### ENTRIES SHOWN
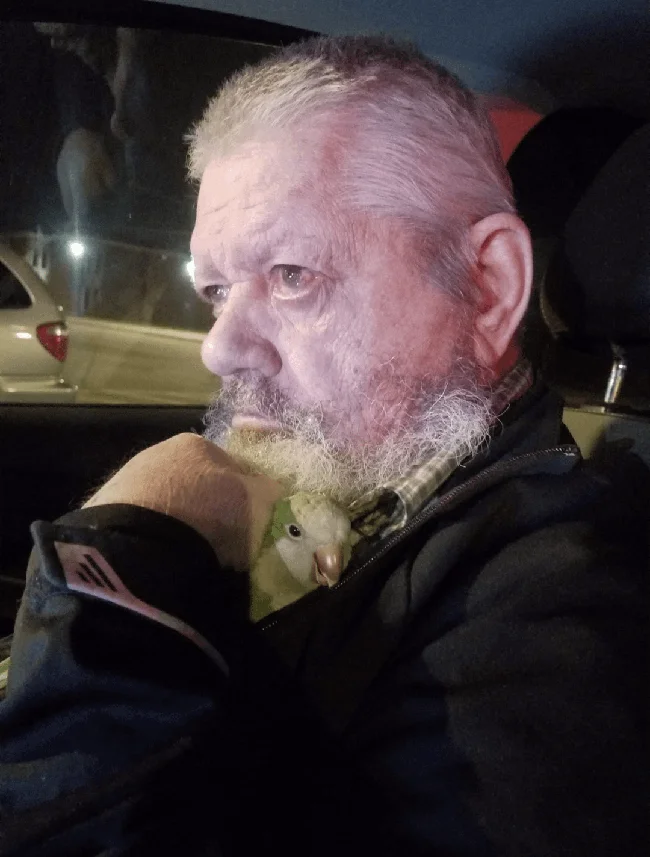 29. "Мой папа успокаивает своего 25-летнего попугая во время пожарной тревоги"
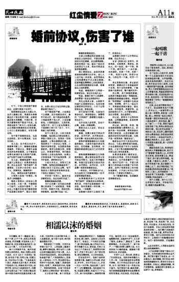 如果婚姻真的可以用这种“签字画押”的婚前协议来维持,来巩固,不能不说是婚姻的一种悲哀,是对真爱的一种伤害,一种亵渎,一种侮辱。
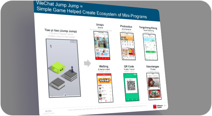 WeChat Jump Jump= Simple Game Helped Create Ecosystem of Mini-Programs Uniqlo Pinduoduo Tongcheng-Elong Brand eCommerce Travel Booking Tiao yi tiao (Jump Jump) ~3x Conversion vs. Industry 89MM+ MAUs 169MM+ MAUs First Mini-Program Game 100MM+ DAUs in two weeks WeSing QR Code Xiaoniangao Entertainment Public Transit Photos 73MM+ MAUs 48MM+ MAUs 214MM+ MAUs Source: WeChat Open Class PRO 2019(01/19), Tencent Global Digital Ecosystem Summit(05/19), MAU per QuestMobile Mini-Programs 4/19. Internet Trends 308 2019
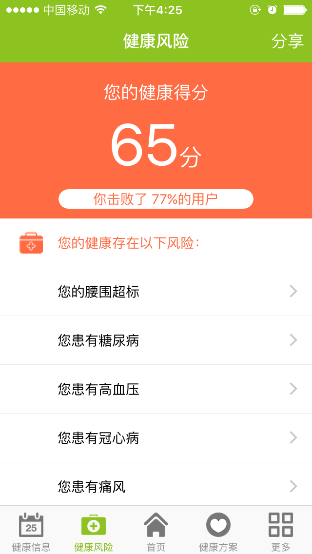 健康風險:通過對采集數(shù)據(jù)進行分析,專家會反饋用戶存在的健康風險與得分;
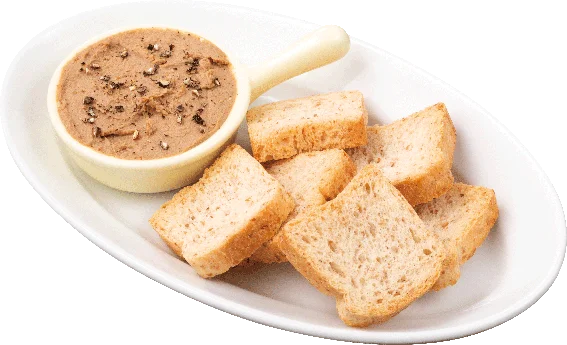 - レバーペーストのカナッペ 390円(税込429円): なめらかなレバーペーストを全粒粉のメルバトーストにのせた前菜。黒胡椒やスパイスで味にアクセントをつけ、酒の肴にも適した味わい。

### DIRECTIONS
Return the data word for word without its pictures.

### TASK OUTPUT
 29. "Мой папа успокаивает своего 25-летнего попугая во время пожарной тревоги"
 如果婚姻真的可以用这种“签字画押”的婚前协议来维持,来巩固,不能不说是婚姻的一种悲哀,是对真爱的一种伤害,一种亵渎,一种侮辱。
 WeChat Jump Jump= Simple Game Helped Create Ecosystem of Mini-Programs Uniqlo Pinduoduo Tongcheng-Elong Brand eCommerce Travel Booking Tiao yi tiao (Jump Jump) ~3x Conversion vs. Industry 89MM+ MAUs 169MM+ MAUs First Mini-Program Game 100MM+ DAUs in two weeks WeSing QR Code Xiaoniangao Entertainment Public Transit Photos 73MM+ MAUs 48MM+ MAUs 214MM+ MAUs Source: WeChat Open Class PRO 2019(01/19), Tencent Global Digital Ecosystem Summit(05/19), MAU per QuestMobile Mini-Programs 4/19. Internet Trends 308 2019
 健康風險:通過對采集數(shù)據(jù)進行分析,專家會反饋用戶存在的健康風險與得分;
 - レバーペーストのカナッペ 390円(税込429円): なめらかなレバーペーストを全粒粉のメルバトーストにのせた前菜。黒胡椒やスパイスで味にアクセントをつけ、酒の肴にも適した味わい。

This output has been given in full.